Lestat jest zupełnie inny ale ja wiem, że film podoba się głównie tym, którzy nigdy w łapkach nie mieli ani jednej książki Anne Rice. Gdy ktoś czyta to wie, że Lestat ma za duże usta (jak sam twierdzi), blond włosy kończące się tuż nad ramionami, piękne niebieskie oczy...

ocenił(a) film na 6
Danathiel

Witam, aktualnie zaczytuje się ''Wampirem Lestatem'' i jak tak czytam Wasze opinie, to zastanawiam się nad oglądaniem filmu. Faktycznie jest aż tak źle?

ocenił(a) film na 5
DeszczowaJa

Obejrzeć zawsze można ale film niesamowicie odchodzi od wersji książkowej, momentami aż za bardzo, że trudno się połapać co jest grane. Dla mnie to po prostu historia o czymś innym, o innym Lestacie...

ocenił(a) film na 3
DeszczowaJa

Nie oglądaj.
I zgadzam się - to film o czymś zupełnie innym, łączą go z książką jedynie imiona głównych bohaterów.
mnie zniesmaczyło takie podejście do Lestata i reszty, oglądając czułam się głupio.

ocenił(a) film na 5
DeszczowaJa

zanim złapałam w swoje macki książki, fascynowałam się filmem. Na prawdę. Dosłownie. Po przeczytaniu książek stwierdziłam, że ta adaptacja to ścierwo jakich mało. Inaczej tego nazwać nie mogę. Przebieg wydarzeń w filmie w 90% różni się od tego z książek. Tak jak filmwebowicze napisali wyżej: imiona poprzekręcane, wygląd, zachowanie i charakter Lestata nie mają nic wspólnego z książkowymi opisami. Fabuła przewrócona do góry nogami i ani słowa o innych postaciach, które mają duży udział w dziełach pióra Anny Rice. Oglądaj jeśli chcesz - nie zdradzi Ci to akcji opisanej w książkach.

ocenił(a) film na 5
Danathiel

fiołkowe oczy :>

ocenił(a) film na 5
maaa21

Racja. Fiołkowe.
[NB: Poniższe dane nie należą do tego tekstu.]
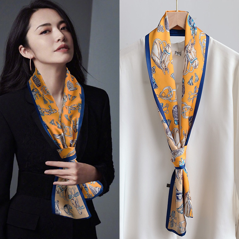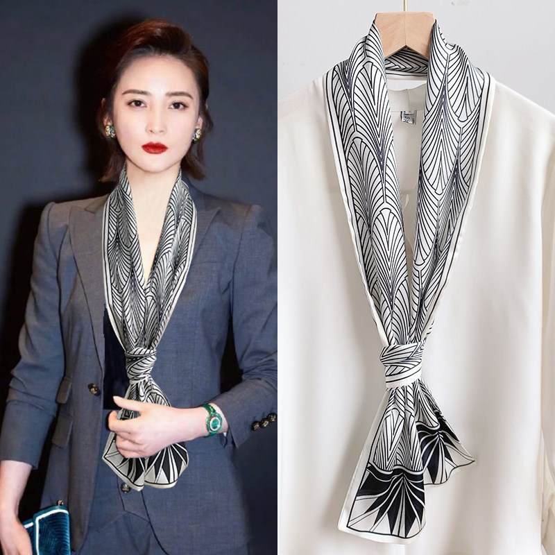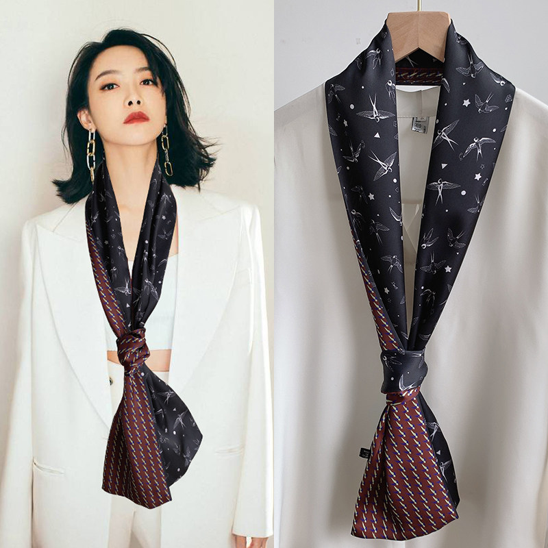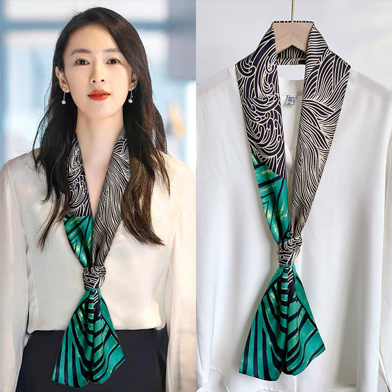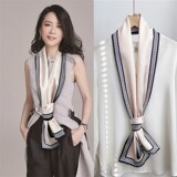 Небольшая длина полосатый Квадратное полотенце узкий Шарф женщина демисезонный Летнее украшение шарф Пряжа сорочка европейский покрой Галстук

Mój błąd ;).

ocenił(a) film na 3
Danathiel

a tak konkretnie to szare, nabierające kolorów niebieskiego i fioletowego pod wpływem otoczenia ;)

ocenił(a) film na 5
earnshaw1847

Jaki z tego motyw?
Ma zajebiste oczy ;).

earnshaw1847

Podpisuję się pod tym obiema rękami.

ocenił(a) film na 2
ysoult

zwyczajnie nudny film bez fabuły- cała fabuła jest tak skonstruowana, jakby historia Lestata była splotem przypadków.